It’s You. Not Me. 

I don’t always understand what I’m looking at when I enter a gallery. Contemporary art often doesn’t look pretty, and the art world certainly enjoys a little mystery. It’s You. Not Me., currently on view at Andrew Kreps Gallery, presents carefully arranged objects of six well known artists — only a few of which rely on craftsmanship. A giant canvas in the center of the exhibition, with the silk-screened words “Die Collector Scum,” doesn’t scream nuance on first read. And as the title aptly suggests, It’s You. Not Me places the burden on the viewer to decode the work. 

The payback for doing so yields mixed results in this case, but there’s more than a few good ideas worth contemplating. As a whole, the show presents finger-pointing social critique and art questioning the authority of the image and image-maker. Typically working through the lens of photographic and digital reproduction, these artists suggest meaning may not be as it seems.

In the case of SCUM: Screen print after Merlin Carpenter, The Opening: The Black Paintings #7, 2007, 2008, (aka “Die Collector Scum”), Reena Spaulings, a fictional artist and dealer conceived by the artist collective The Bernadette Corporation, reproduces a performance artifact from her gallery’s conceptual painter Merlin Carpenter. Spaulings at this point seems more real than fake (the gallery makes sales and attends art fairs), but is an angry unsellable art object bettered by its dealer’s remake? Yes — her reproduction of a unique image increases the value of both through the extremity of the act — though I’m unsure if it’s enough to make the piece. Die Collector Scum, as text alone, may ultimately prove too powerful a cliché to maintain the insider history. 

Directly opposite Spaulings’ loud silkscreen, Hans-Peter Feldmann’s discreet camouflage camera faces an adjacent wall filled with Lutz Bacher’s photographs, all made from found prints and negatives. In contrast to Die Collector Scum, Feldmann’s camera, covered in hand-painted flowers, comments less on the value of reproduction than the invisibility of its mechanical production. There’s an enjoyable eccentricity to the idea that by mimicking a snapshot so commonly made, the camera might actually get lost in its “natural” environment.  

Goshka Macuga’s photo on wooden stump sculpture Log Collage of a Girl Drawing takes an alternative approach, in the sense that reproduction itself depicts rendering. Some satisfaction can be derived from the juxtaposition of a flat, free-standing photograph and the three-dimensional log, but its inclusion has a “gallery artist conveniently matching show themes” feel to it. It’s not her strongest work. 

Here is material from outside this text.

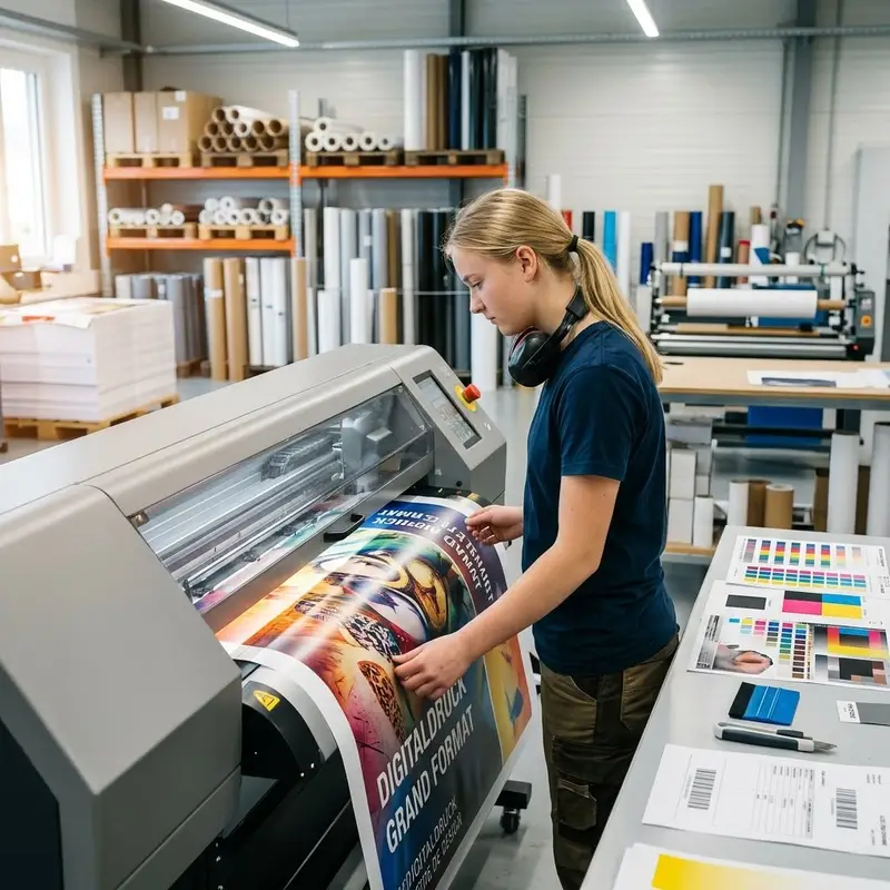"description": "Du druckst ein grosses Motiv an der Digitaldruckmaschine auf ein Banner-Material im Betrieb.",

Of course, neither is that by famed feminist artist VALIE EXPORT, but when one of your best known pieces includes walking into a porn cinema wearing crotchless pants and brandishing machine guns, the standards are set pretty high. In Erwartung (Expectation), the artist brings together a black-and-white image in which she cradles a vacuum cleaner with a full-color tondo of a Renaissance painting depicting Virgin Mary and other studious biblical figures. Described as a “Re-enactment,” EXPORT interprets the contemporary role of Mary as a nurturing housewife. 

Surprisingly, above any other artist in a show about reproduction and disguise, EXPORT employs metaphor. It’s unlikely this says too much more about the contemporary art makers in the group — as far as I can tell simile isn’t something in danger of disappearing any time soon — but perhaps the ideas in this show are just as easily executed without them. After all, why allude to Die Collector Scum when its verbatim reproduction has just as much value if not more?